The moment you believe that something or something (the economy, the glass ceiling, etc.) has power over you, you become its victim. Very often, people are victims of their own ego, their own inner critic. Guess what, your inner critic is lying! When you have that inner feeling of fear, panic, boiling blood and you react from that state, you should know that you are following the example of your frightened inner critic who is wrongly fighting for your own sense of self-worth. When you are criticizing someone or judging (telling others what to do or be this or that), your ego has your power. You are no longer in control. As long as you act in the state of an empowered ego, you will not achieve the result you want. All you can do is add ‘evidence’ to support your feelings of victimization.

A teenage butt peeking out of shorts on a public street is not child pornography, and Moore’s reaction is not the result of hormonal imbalances or poor parenting. What is being fought is a lot of things invented by the same people who are fighting in the public arena.

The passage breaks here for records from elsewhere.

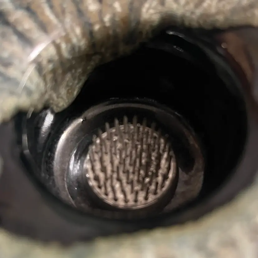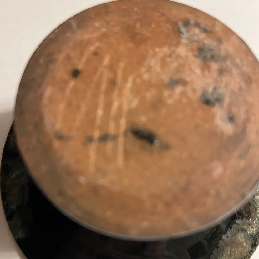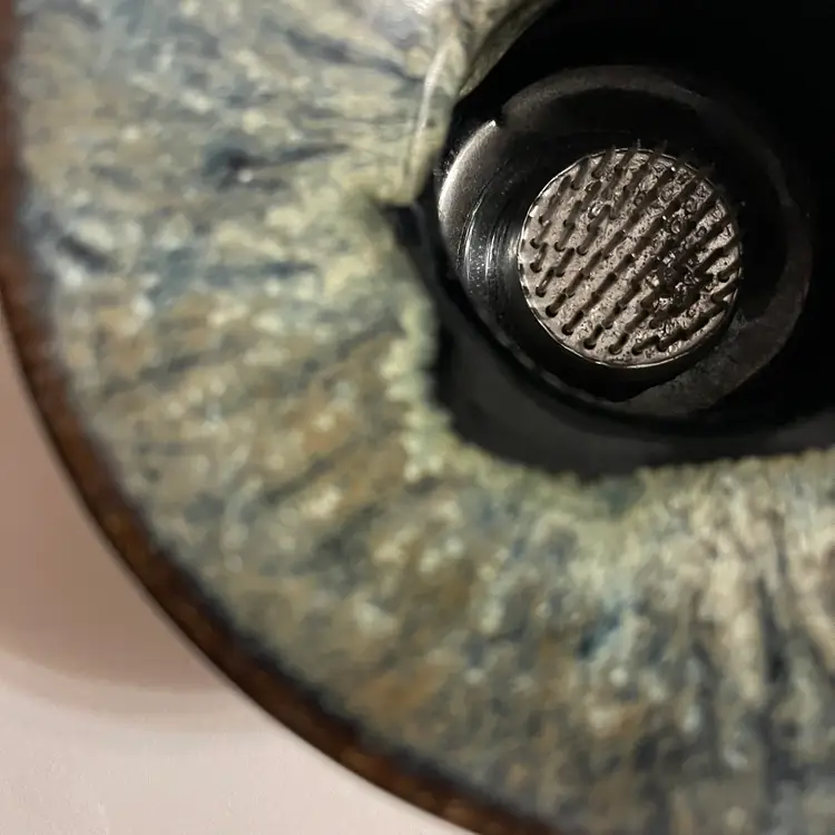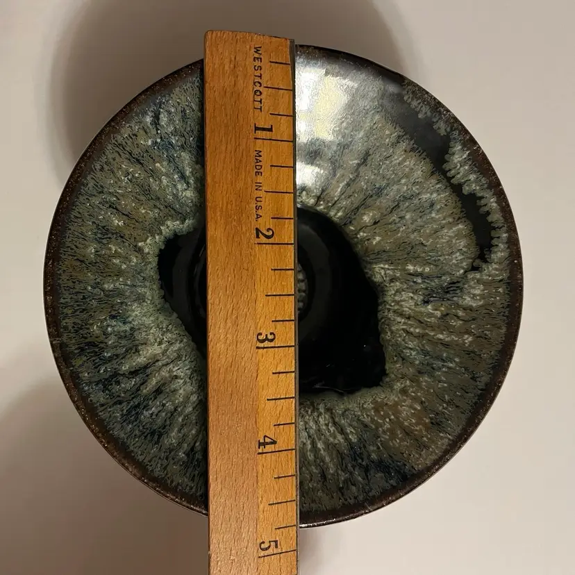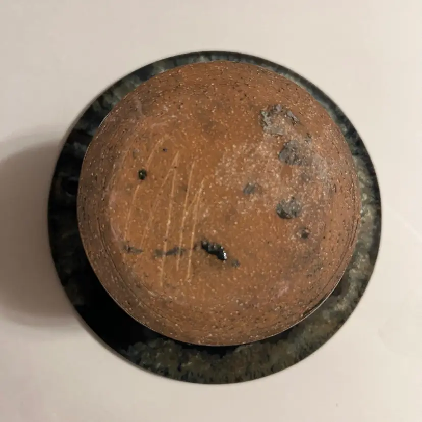 This studio pottery Ikebana vase features a striking drip glaze in earthy tones of black, green, and blue, attached metal floral frog nestled within its 2-inch diameter opening. Overall, the piece measures 4.75 in diameter and stands 2.5 in high. Hand-thrown stoneware, signed by the artist on the base. The glossy finish and organic glaze flow evoke natural landscapes, making it a compelling choice for collectors of studio pottery or practitioners of Japanese flower arranging. Excellent pre-owned condition with no chips, cracks, or repairs. Please refer to photos for full details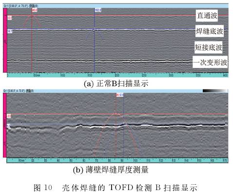 TOFD檢測流(liú)量計殼體(tǐ)焊縫具有(you)優勢,能有(yǒu)效地發現(xiàn)焊縫中的(de)裂紋👄等缺(que)陷,此法的(de)正常B掃描(miáo)顯示具有(you)特點,能🈲明(míng)顯顯示🥵焊(hàn)縫的底波(bō),能準确測(ce)量焊縫的(de)厚😄度,在焊(hàn)縫厚度🛀較(jiào)小(如低于(yú)标準規定(ding)的12mm)時,焊縫(feng)底波也明(ming)顯😄存在,但(dàn)不🌈能用于(yú)缺陷的檢(jiǎn)測,TOFD檢測B掃(sǎo)描顯示如(ru)圖10所🛀示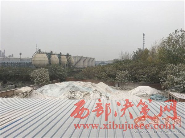 記者觀察附近建筑物,發(fā)現(xiàn)還有部分房頂上鋪滿白色粉塵,而樹上的樹葉也都是白的。知情人說,煤場旁邊的巷子里還有個(gè)灰場。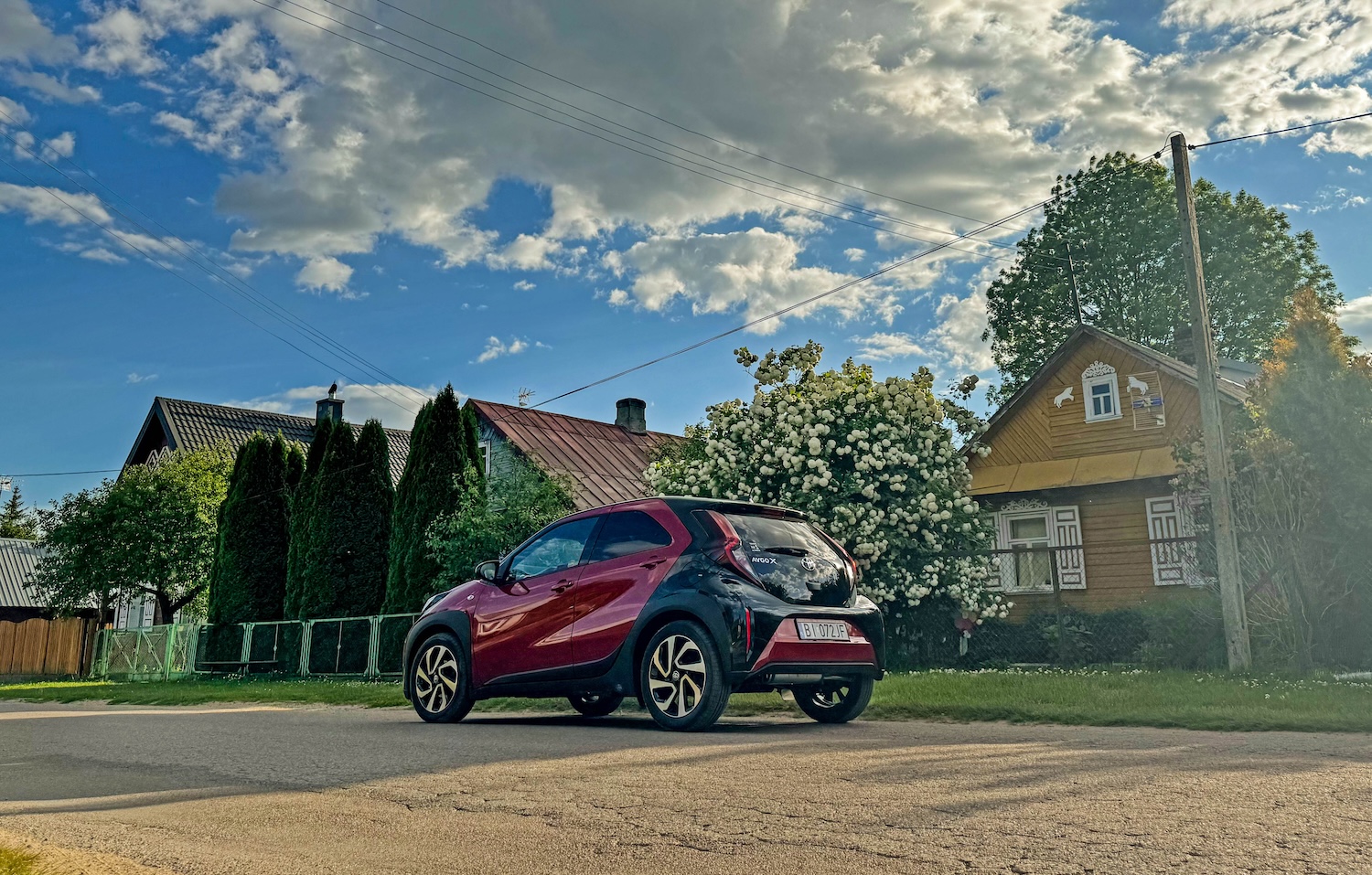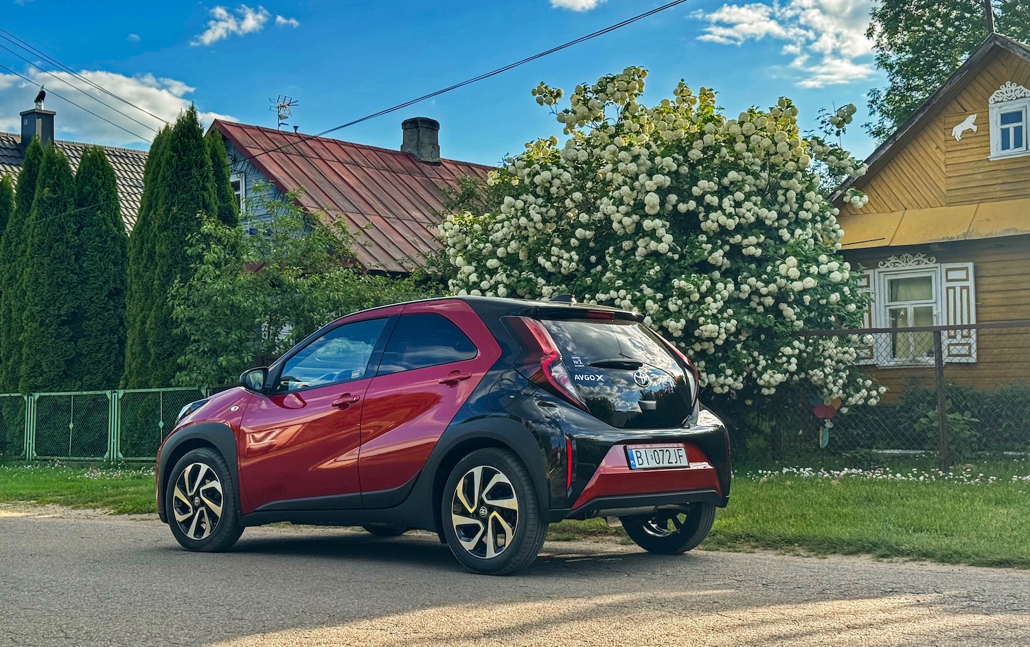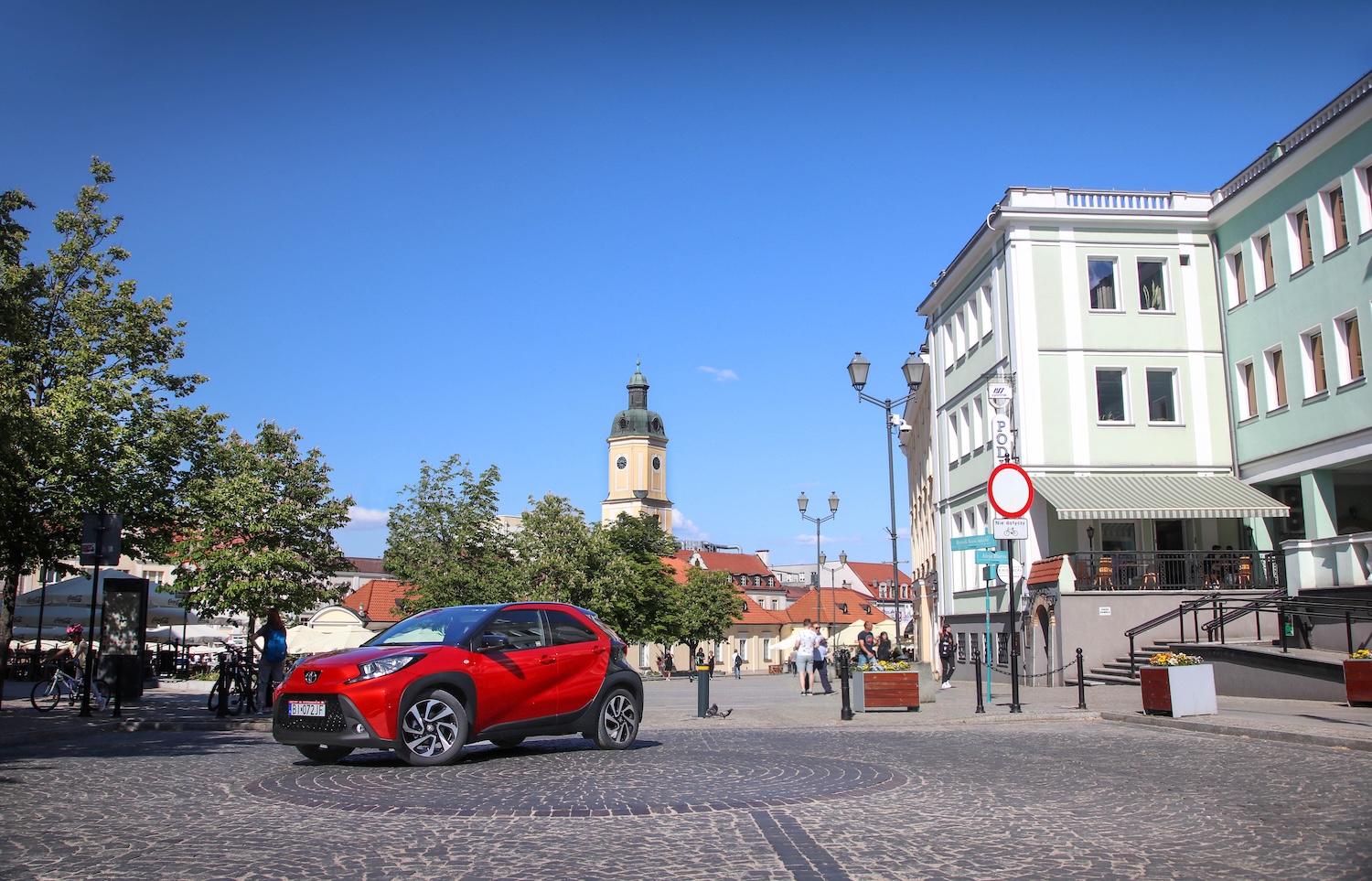 • Toyota Aygo X to nowoczesny, kompaktowy samochód, który doskonale sprawdzi się w miejskim środowisku. Wyposażony w benzynowy silnik o mocy 72 KM i manualną skrzynię biegów, zapewnia płynną i oszczędną jazdę, ze średnim spalaniem na poziomie 4,9 l/100 km. Choć to niewielki samochód, oferuje przestrzeń dla czterech pasażerów i ich bagaży, z bagażnikiem o pojemności 231 litrów, co jest wystarczające na codzienne potrzeby.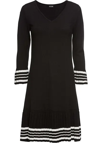 Moderes Kleid mit plissiertem Rockteil und Streifendesign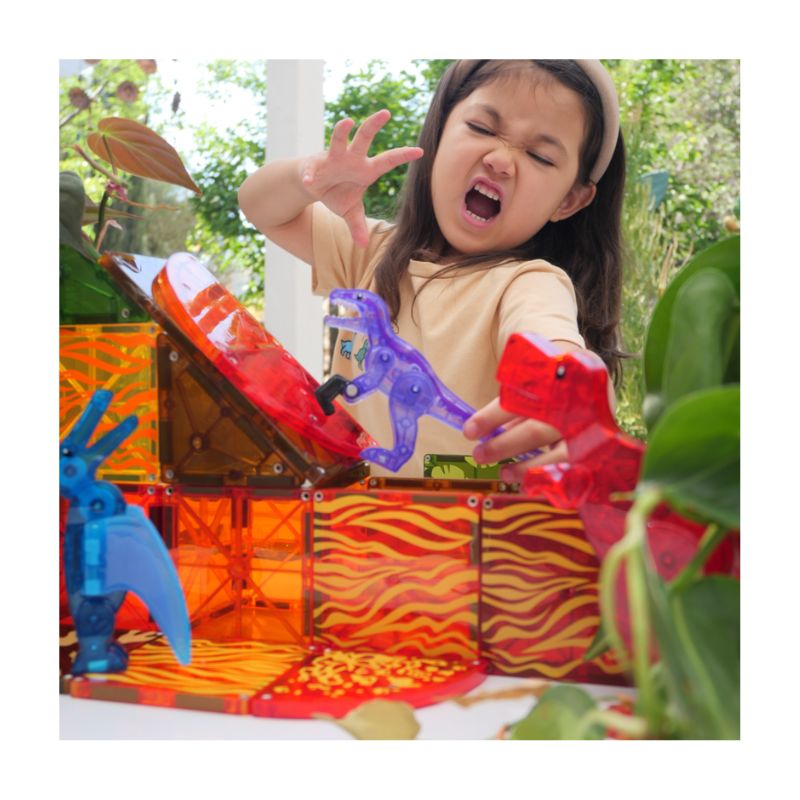 Este juego Dino World presenta cuatro dinosaurios de gran tamaño totalmente magnéticos y mosaicos de colores brillantes con temas volcánicos para un potencial de juego que nunca se extingue.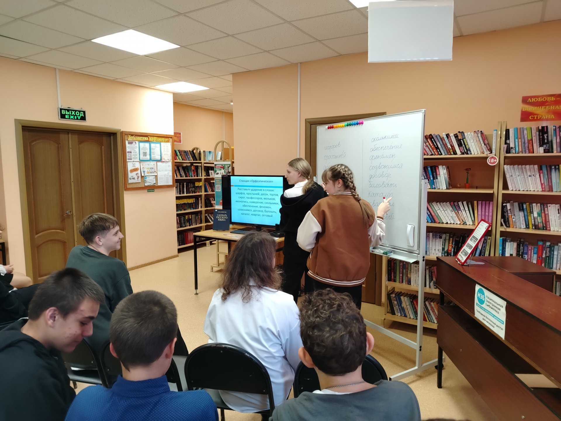 После этого юные читатели активно включились в игру-викторину. Разделившись на две команды, участники соревновались друг с другом, демонстрируя усвоенные знания. Им предстояло выполнить ряд интересных заданий: разгадать загадки-словечки, вспомнить популярные русские фразеологизмы, правильно распределить слова по различным грамматическим категориям, расставить ударения в словах, разгадать логогрифы.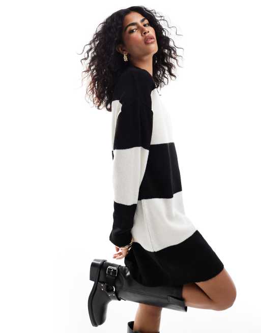 ASOS DESIGN knitted jumper mini dress with crew neck in stripe

To turn self-destructive behavior into life-affirming behavior, just wake up! Wake up to how you feel. Your emotions are indicators of whether you are listening to that higher power within you, what I jokingly call the Inner Magician, or that scared four-year-old, the Inner Critic, who is having a tantrum. At that time, carefully monitor your thoughts. Are you giving up your power, allowing yourself to become a victim of the incident? If so, find a new perspective. Take action that results in what you want to achieve, no more hyped daughter tushies, rather than what you don’t want to achieve, more daughter breech shots spread across even more media.

And for those who salivate over celebrity self-sabotage, take note of what the public outbursts mean about you. If you feel better about yourself, more superior, as a result of someone else’s bad behavior, you should know that you have given your power of personal self-esteem to the celebrity and to those who denounce the irrational antics of these stars.